At the risk of oversimplifying here, most beer falls into two basic categories, ales and lagers. Ales use top-cropping yeast, which floats to the top, while lagers use bottom-cropping yeast, which sinks to the bottom. Ales are brewed at warmer temperatures, while lagers need cooler temperatures to work.

Ales were the first stars of the modern craft beer revolution, which began with pale ales, stouts, brown ales, porter and soon IPAs. Few microbreweries made lagers, although Samuel Adams Boston Lager, for instance, is a Vienna-style lager, and the Bay Area-born brewpub chain, Gordon Biersch, concentrated exclusively on lagers, including a still-delicious pilsner, from the time the brewery debuted in 1988.

The last time I wrote about pilsners was half a dozen years ago, when I detailed the style’s 19th century roots in Bohemia. Several local brewers were making lagers at the time that column ran, but they were still outliers. In 2004, Berkeley’s Trumer Brauerei took over the old Golden Gate Brewery and began brewing just one beer, Trumer Pils. It was an unusual move, but time has proven it a savvy decision. Not only is Trumer Pils one of the best pilsners anywhere, but Trumer Brauerei correctly predicted that people would support a tasty, locally-made pilsner.

Six years later, many American brewers are making many lagers, and we now take it for granted that there are numerous well-made pilsners brewed right here, which rival their imported cousins — and are fresher, too.

There are several varieties out there, but the two main lagers produced here are Czech-style pilsners, inspired by their Bohemian ancestors, such as Pilsner Urquell, and German-style pilsners, which are drier, grainier and more bitter. There are also American-style pilsners or pre-Prohibition lagers, which often use corn as an adjunct, and even international-style pilsners. The latter are usually even more light-bodied, but they’re not the classic pilsners (though they can be quite tasty, too).
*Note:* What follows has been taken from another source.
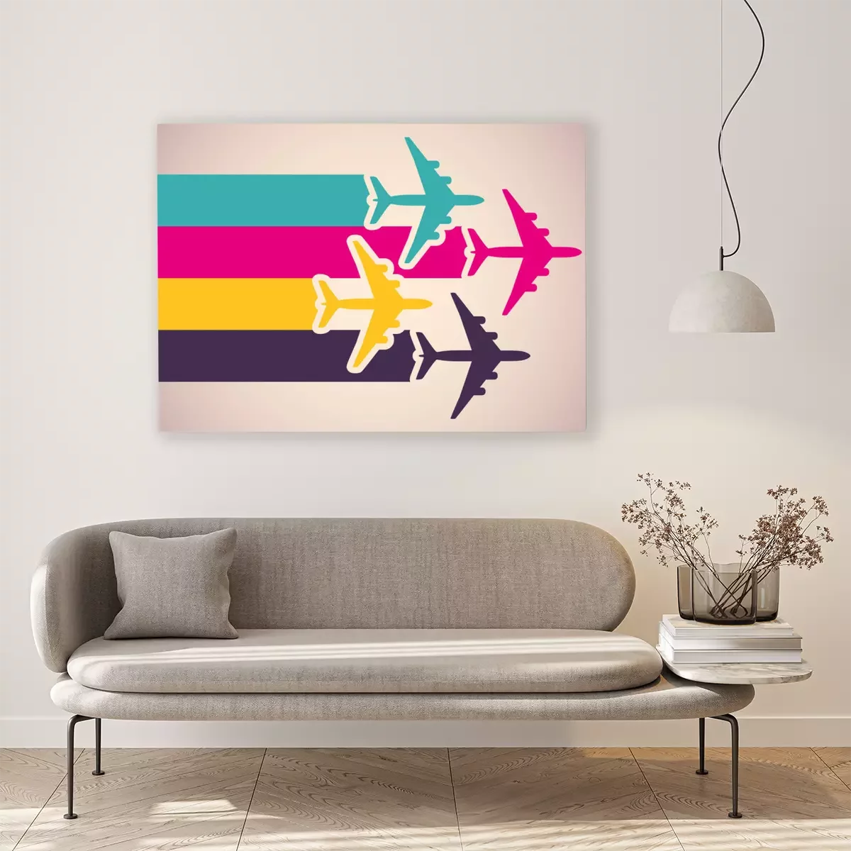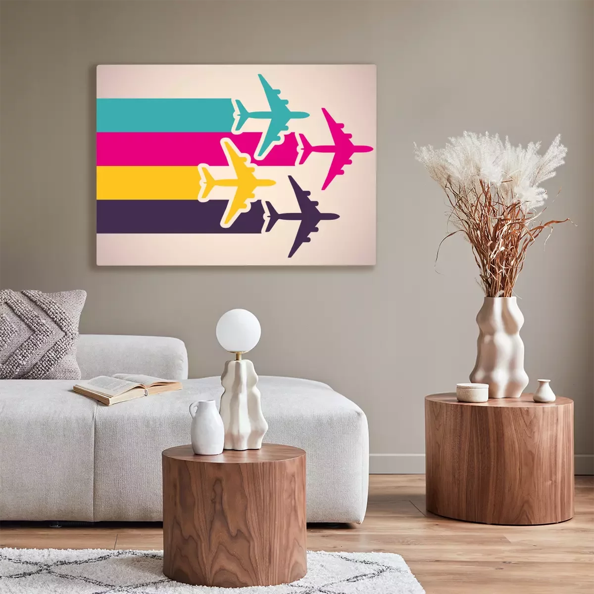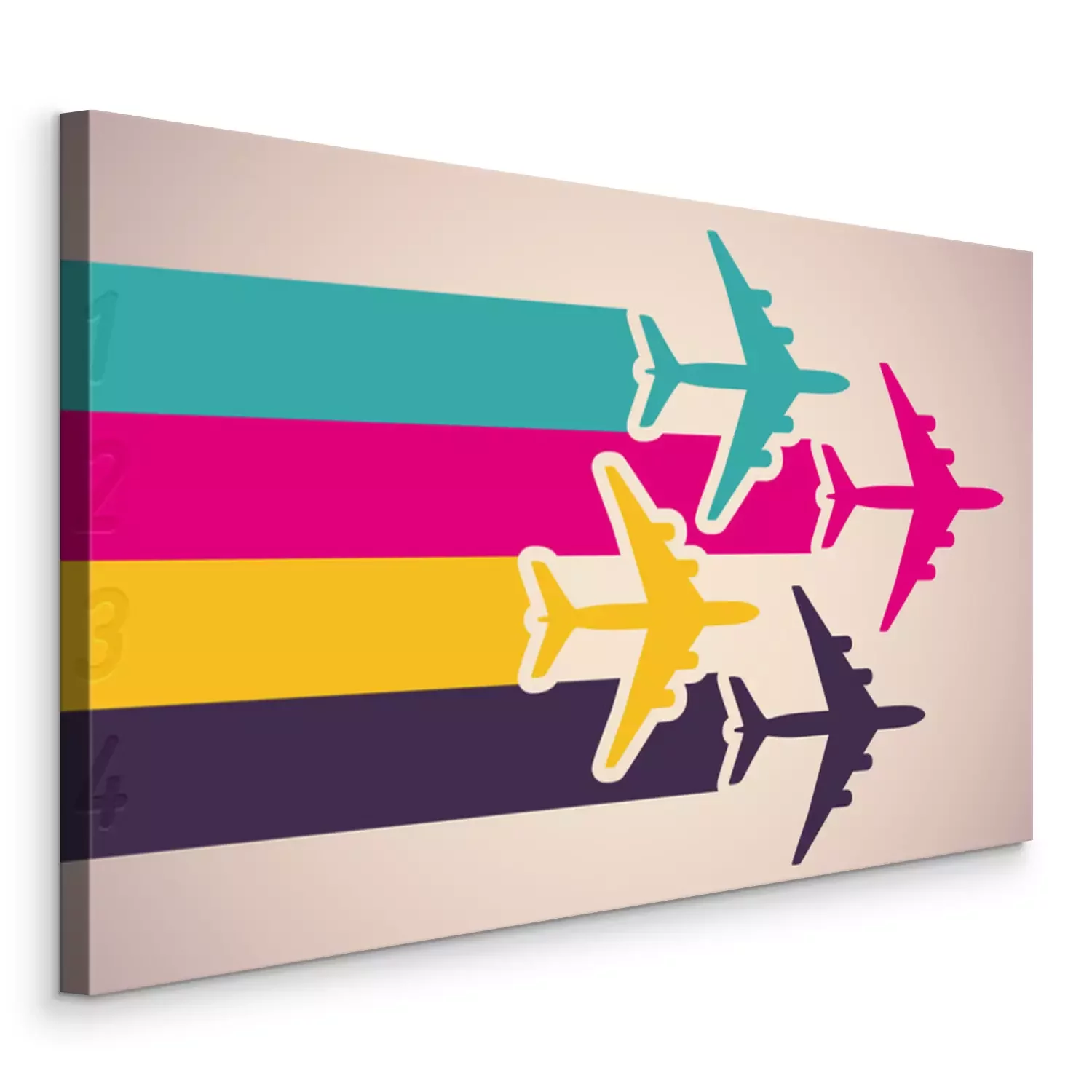 Canvas: Achtergrond met kleurrijke vliegtuigen. Vector illustratie.

I recently saw a new Bay Area brewery, whose owners boasted that they decided to make a pilsner because there weren‘t any American-owned companies making one anymore. They must have been referring to just the biggest beer companies, because there are hundreds — perhaps even thousands — of pilsners and other lagers made by American craft brewers.

Some 82 of the top 100 Czech-style pilsners ranked by the popular beer-rating website Beer Advocate are made by American breweries. Ditto for German-style pilsners, with 82 of the top 100 brewed by U.S. craft breweries. And if you look at Rate Beer’s 50 top-rated pilsners, 40 are made by American breweries.

More than a few are made here in California. Trumer Pils is one of the best. Probably the best Czech-style pilsner is Reality Czeck, made by Santa Rosa’s Moonlight Brewing, and available on draft — or in growlers at the brewery. For German-style, it’s hard to beat Firestone Walker Brewing’s Pivo Pils.

Other German-style lagers worth seeking include AleSmith’s Spezial Pils, North Coast’s Scrimshaw Pilsner, Sierra Nevada’s Nooner Pilsner and Victory’s Prima Pils. On the Czech side, check out Russian River’s delicious STS Pils, Bear Republic’s Double Aught, Figueroa Mountain’s Paradise Rd. Pilsner, Lagunitas Pils, Mendocino’s Peregrine Pilsner, Pizza Port’s Pick Six Pilsner and  Sierra Nevada’s seasonal Summerfest.

You may not hear about them as much as hoppy IPAs, but Pilsner 2.0 has quietly worked itself into the fabric of American craft beer culture, and there are great pilsners everywhere you turn. And they’re perfect for summer.